• [Exercise requirements]
All of the data must be output exactly, with every picture left out.

• [Data excerpt]
··········
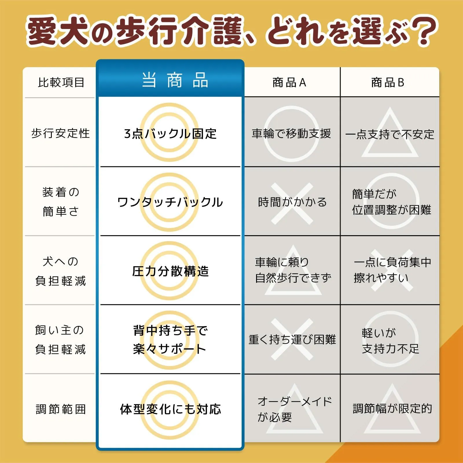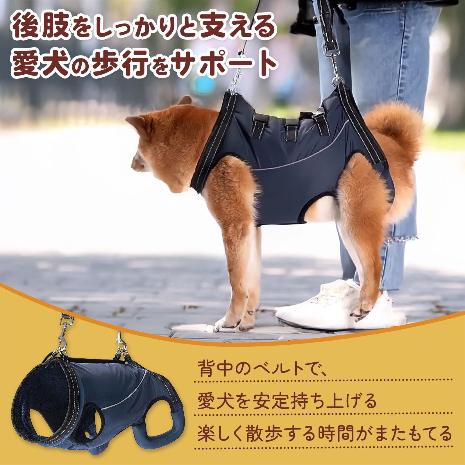 【もう一人で抱えなくていい】 散歩を嫌がる愛犬を見るたび、心が痛みませんか。階段で滑ったらどうしよう。毎日の排泄介助で、あなたの腰や腕が限界に近づいていませんか。「このまま歩けなくなったら」という不安で、眠れない夜もあるかもしれません。 タオルで支えても不安定で続かない。車椅子は高額で時間もかかり、愛犬が嫌がることも。直接抱きかかえると、あなたの体への負担が大きすぎます。このままでは、愛犬の運動機能がさらに衰えてしまう。 このハーネスは、そんなあなたと愛犬の毎日を変えます。胸・腹・背中の3箇所でやさしくしっかり固定するから、愛犬は転倒の不安なく自分の足で歩けます。背中の持ち手で軽々サポートでき、12kgの愛犬も無理なく支えられる。また一緒に散歩に行ける喜びが、ここにあります。 ?
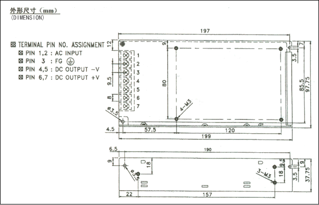 注:1、以上參數測試條件為:230VAC輸入,額定負載,25℃ 70% RH.濕度。 2、容差:包括設定容差,線路穩定度,負載穩定度(注5)。 3、紋波測試:20MHz 用A12"雙絞線,中斷用0.1uF&47uF電容器短路。 4、進線電壓穩定度測試:滿負載時進線最低電壓到最高電壓。 5、負載穩定度測試:負載從0%到100%。
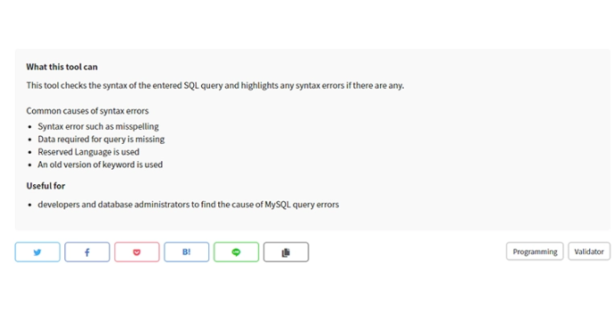 RakkoTools - SQL Syntax Checker Online To Optimize Search Engine
··········
• [Final answer]
 【もう一人で抱えなくていい】 散歩を嫌がる愛犬を見るたび、心が痛みませんか。階段で滑ったらどうしよう。毎日の排泄介助で、あなたの腰や腕が限界に近づいていませんか。「このまま歩けなくなったら」という不安で、眠れない夜もあるかもしれません。 タオルで支えても不安定で続かない。車椅子は高額で時間もかかり、愛犬が嫌がることも。直接抱きかかえると、あなたの体への負担が大きすぎます。このままでは、愛犬の運動機能がさらに衰えてしまう。 このハーネスは、そんなあなたと愛犬の毎日を変えます。胸・腹・背中の3箇所でやさしくしっかり固定するから、愛犬は転倒の不安なく自分の足で歩けます。背中の持ち手で軽々サポートでき、12kgの愛犬も無理なく支えられる。また一緒に散歩に行ける喜びが、ここにあります。 ?
 注:1、以上參數測試條件為:230VAC輸入,額定負載,25℃ 70% RH.濕度。 2、容差:包括設定容差,線路穩定度,負載穩定度(注5)。 3、紋波測試:20MHz 用A12"雙絞線,中斷用0.1uF&47uF電容器短路。 4、進線電壓穩定度測試:滿負載時進線最低電壓到最高電壓。 5、負載穩定度測試:負載從0%到100%。
 RakkoTools - SQL Syntax Checker Online To Optimize Search Engine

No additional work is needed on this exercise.